Unlike a usual system, this entropy is proportional to the surface, and not the volume, of the black hole. This has led physicists, and in particular, the Dutch physicist Gerard ’t Hooft, to consider gravity as holographic, in that all information contained in a black hold is completely coded on its surface. It is similar to watching a 3D movie. The glasses will transform a deformed, two-dimensional image – a surface – into a three-dimensional visual experience – the volume. This emergent dimension in space is what could be at the origin of quantum gravity.

 

The playground of virtual spacetimes

String theory, where elementary particles are no longer defined as points but rather strings, confirms the idea of holography. This theory provides many examples of spacetimes with variable geometries and dimensions that physicists can manipulate as they like. It provides the first representation of the emergence of quantum gravity in a space called ‘anti de Sitter’ (AdS) based on another space, with one dimension less and governed by a non-gravitational theory, a Conformal Field Theory (CFT). In this case, the CFT is the two-dimensional image and the AdS is the volume in which the 3D image is found, like a hologram. The shift from one to another is complex, but is possible thanks to various transformation operations that are provided by a type of dictionary between physical observables. This is the AdS/CFT correspondence.

The initial question remains, however, because the AdS space, although practical in theory, does not represent our spacetime. This is where Monica Guică comes in. She has put forward a theoretical framework which is closer to our spacetime, all the while using existing transformation tools. The challenge was in finding the right surface theory that would allow gravity to emerge in volume.

 

The ice has been broken

The researcher focused her work on black hole event horizons, where escape velocity, which is necessary for an object to escape gravitational force, reaches the speed of light. In this place, physics becomes simpler. “For any black hole, string theory or otherwise, it is at this point that the structure of spacetime is universal,” she says. “We like this because precisely, we want to establish a universal theory.”

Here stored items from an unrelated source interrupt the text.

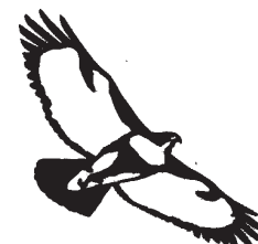
Halcón de Cola Roja

Los nidos duran por varios años, y pueden ser utilizados no sólo por varios pares de halcones de Swainson, sino también por distintas aves rapaces como el halcón cola roja, halcón pecho rojo, y el tecolote cornudo. Cuando los halcones de Swainson llegan de su migración de invierno, a veces encuentran su nido ya ocupado por otras aves rapaces. Esta competencia por los nidos es otro indicador de la limitada cantidad de hábitat de anidación adecuado que hay actualmente.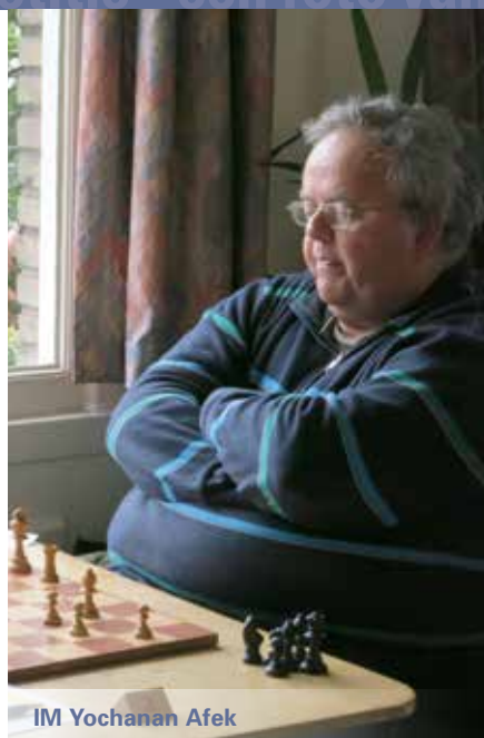
IM Yochanan Afek

29.h5 gxh5 I admit I was too impressed by the threat 30.h6. Weakening the position was really not necessary but by no means critical. 29... Qf5 was a reasonable alternative. 30.Re4 Rc7 31.Rh4 Rc4 32.Rxc4 32.Rxh5 would have been unpleasantly met by Qf5.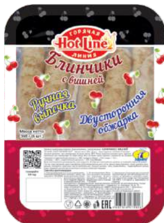
Блинчики с вишней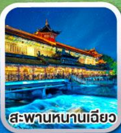
สะพานหนานเฉียว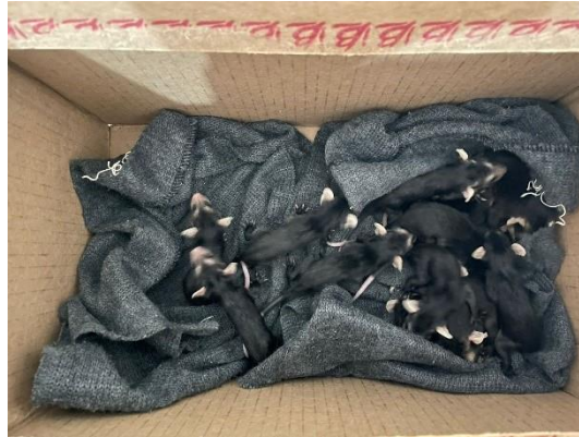
(50660-50672) – filhotes de Gambá-de-orelha-branca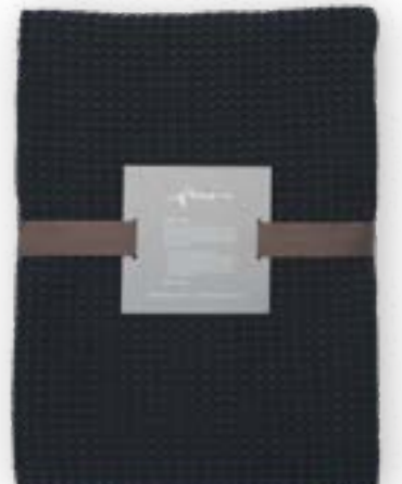
Aviva 171 graphite 140×260 cm · 55,1×102,4 in 100 % CO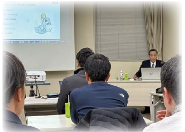
ChatGPTで変わる！ビジネスの未来 (12月10日)

最後にありますが、今後も、福井青色申告会青年部のさらなる発展のため、尽力していきますので、関係者の皆様方のご支援、ご協力をよろしくお願い申し上げます。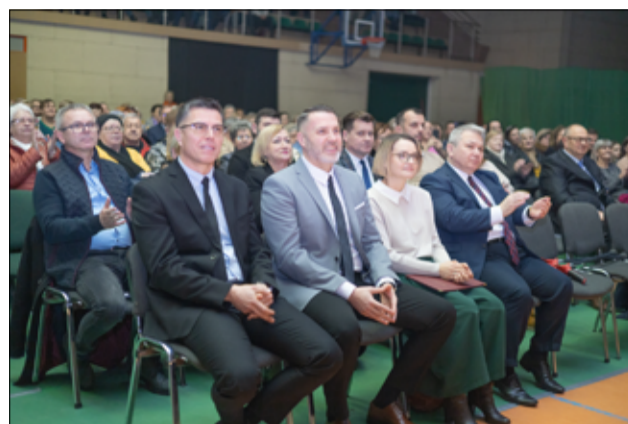
Wśród gości, którzy uczestniczyli na spotkaniu noworocznym nie zabrakło także radnych Rady Miejskiej, sołtysów, przedstawiciele służb mundurowych i wielu naszych organizacji.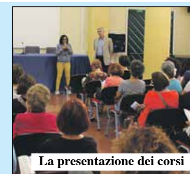
La presentazione dei corsi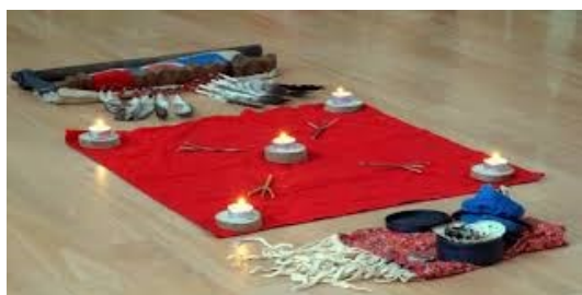
Obrázek 5: obřadní plátno

At the event horizon, spacetime becomes an AdS deformation. Monica Guică was inspired by the AdS/CFT correspondence to develop a similar correspondence there, between the deformed AdS and a non-gravitational and lower dimension field theory that is equivalent to CFT, and to obtain new holographic correspondence between volume and surface. In order to develop this new theoretical framework, she followed a rather unorthodox calculation pathway, starting from the CFT within the existing AdS/CFT correspondence. This is a counter-intuitive approach in physics because it is usually by starting with physics at a microscopic scale, that of molecules or very small objects, and with certain effects, that we obtain and understand macroscopic behaviour. “Large-scale physics forgets what happened to small-scale physics”, summarises Monica Guică.

Thanks to this reverse approach, the researcher has been able to formalise a certain number of tools and transformations between all these spaces. Studying the emergence of gravity in these general black holes is a little simpler today. “For nearly 25 years, research was focused on the AdS/CFT correspondence, or other very specific examples, says the researcher, but now, we are shifting towards the general and the concrete, knowing that this correspondence is the best understanding of quantum gravity that we have. The ice has been broken but there is still a lot to be done.”